Inverse of sum of two matrix inverses

Question

$A$ is a positive definite matrix and $B$ is a positive diagonal matrix. We want to figure out the inverse of the sum of inverses of $A+B$, namely $(A^{-1}+B^{-1})^{-1}$. Is it correct to apply the following general matrices identity? $$(A^{-1}+B^{-1})^{-1}=B(A+B)^{-1}A.$$ Thank you!

Answer 1

One can easily prove the identity $A^{-1} + B^{-1} = A^{-1}(A+B)B^{-1}$ (pre- multiply with $A$ and post-multiply with $B$ and recall the matrix addition is commutative). Now since $A$ is positive definite it is invertible (definition) and since $B$ is positive diagonal its determinant $\text{det}(B) = \prod_i b_{ii}$ is bigger than zero hence it also invertible. One thing to note is that the sum $A+B$ does not have to be invertible (take $A = -I_n$ and $B = I_n$), but for these $A$ and $B$ it is. Since $A+B$ is invertible, $(A^{-1} + B^{-1})^{-1}$ is also because it is the product of invertible matrices.

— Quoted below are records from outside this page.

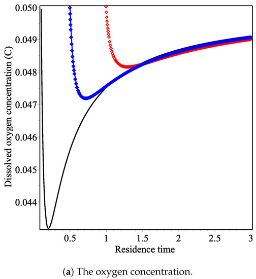 Figure 1a shows that the oxygen concentration decreases as a function of residence time to minimum value, called the minimum residence time. After this minimum value, the oxygen concentration increases as the value of the residence time increases. Note that the minimum residence time for and are 1.30025 and 0.201052, respectively. Thus, the value of parameter must be taken lower to minimise the oxygen concentration.
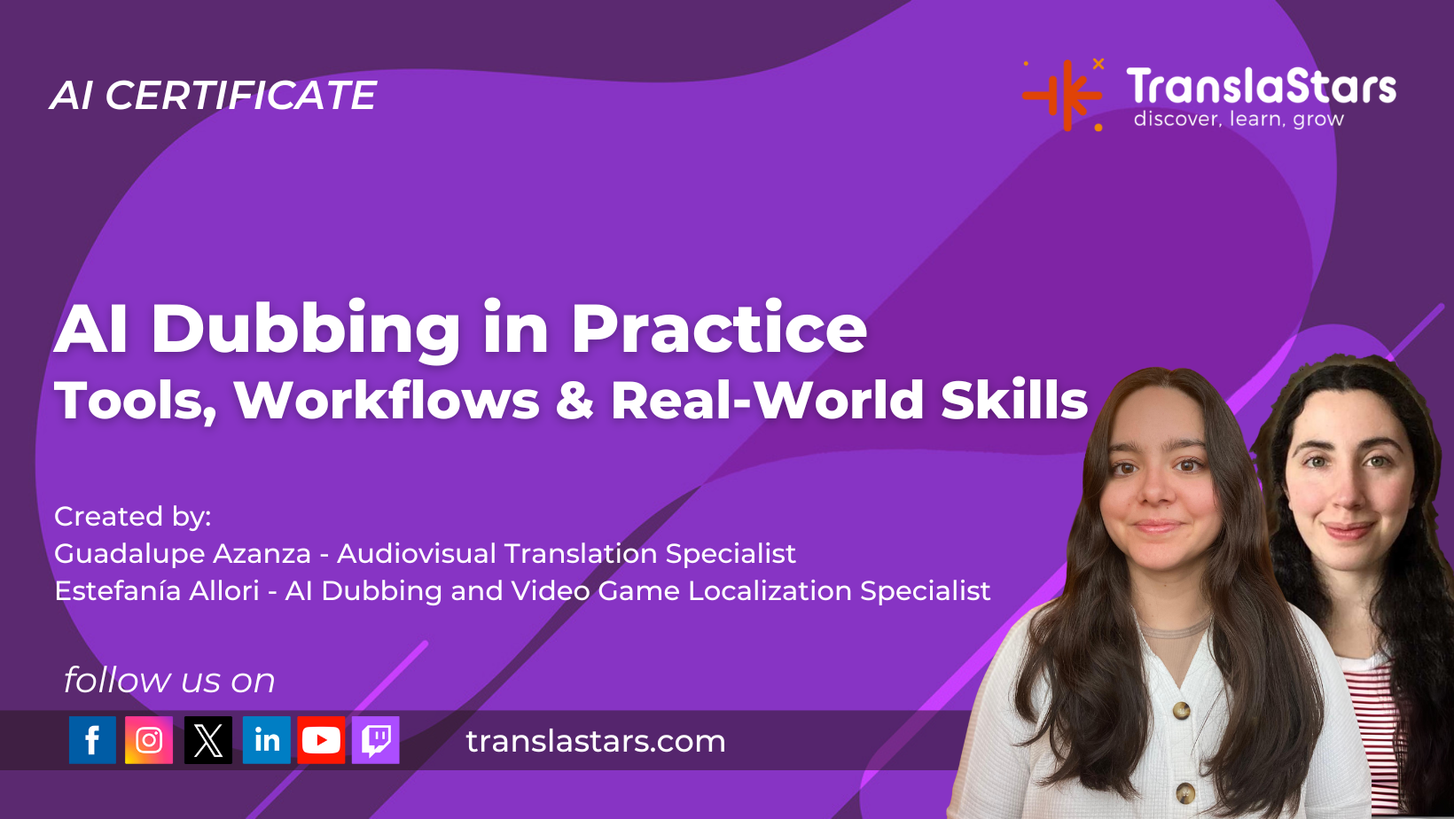 programs combining AI and AVT are becoming so relevant. One of them is without any doubt our AI Certificate, AI Dubbing in Practice: Tools, Workflows & Real-World Skills by Guadalupe Azanza, who is sharing her invaluable tips with us, and Estefanía Allori.
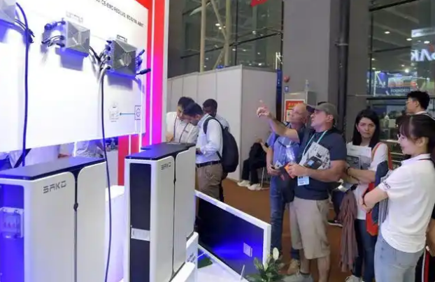 2024年4月16日,采购商在第135届广交会上了解太阳能发电设备。(新华社记者 卢汉欣 摄)
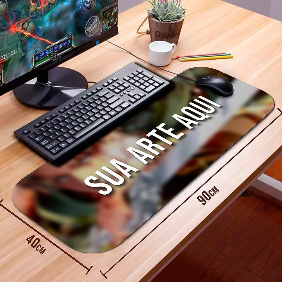 Mousepad personalizado com bordas arredondadas no tamanho 90x40cm e acabamento com costura lateral em nylon. Ele também conta com desenhos e cores nítidas, que não interferem no sensor óptico do mouse, tornando ainda mais dinâmicas as partidas.
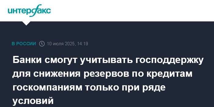 Банки смогут учитывать господдержку для снижения резервов по кредитам госкомпаниям только при ряде условий
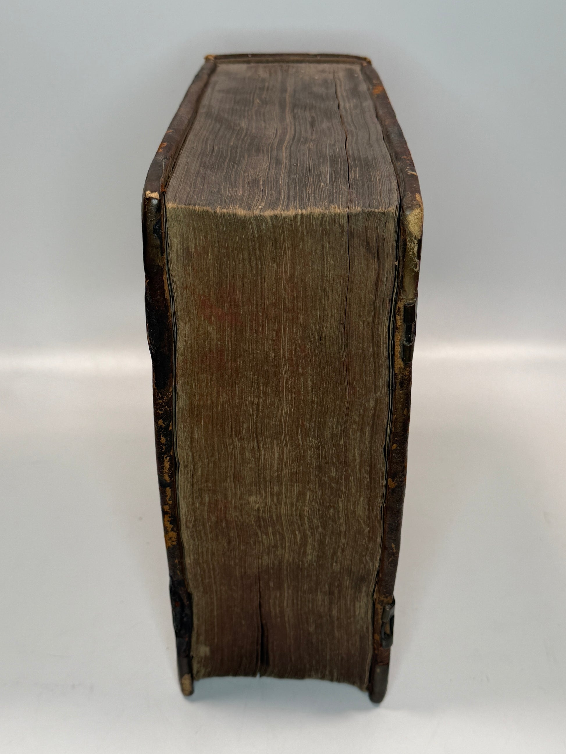The Bible lacks the general title leaf (as usual), else collates as complete - the texts of the Old and New Testaments are complete, as is the Apocrypha. The Concordances section is also complete. The 1585 Psalter at the rear is complete with all 150 Psalms, but lacks the final two leaves which ordinarily follow. The Book of Common Prayer bound at the front lacks all before B1 (i.e. the first quire). Contemporary 16th century English inscription across the edge of F6 (BCP). Preliminary leaves a little ragged up to and including the first two leaves of the Bible text (Genesis), but fully legible. Internally, in general, a well preserved copy, particularly for being largely complete; a scarce thing for Geneva Bibles, especially this early.

The inverse is then given by \begin{align*} (A^{-1} + B^{-1})^{-1} = \big( A^{-1}(A+B)B^{-1} \big)^{-1} = B(A+B)^{-1}A. \end{align*}

Answer 2

As already commented, why not check?:

$$\left(A^{-1}+B^{-1}\right)\cdot B(A+B)^{-1}A=A^{-1}B(A+B)^{-1}A+\overbrace{(A+B)^{-1}A}^{=A^{-1}A(A+B)^{-1}A}=$$

$$A^{-1}\left(B+A\right)(A+B)^{-1}A=A^{-1}IA=I$$

Answer 3

Yes. A positive diagonal matrix is positive definite too. Therefore $A+B$ is positive definite and in turn invertible. So, $(A+B)^{-1}$ exists and the identity is applicable.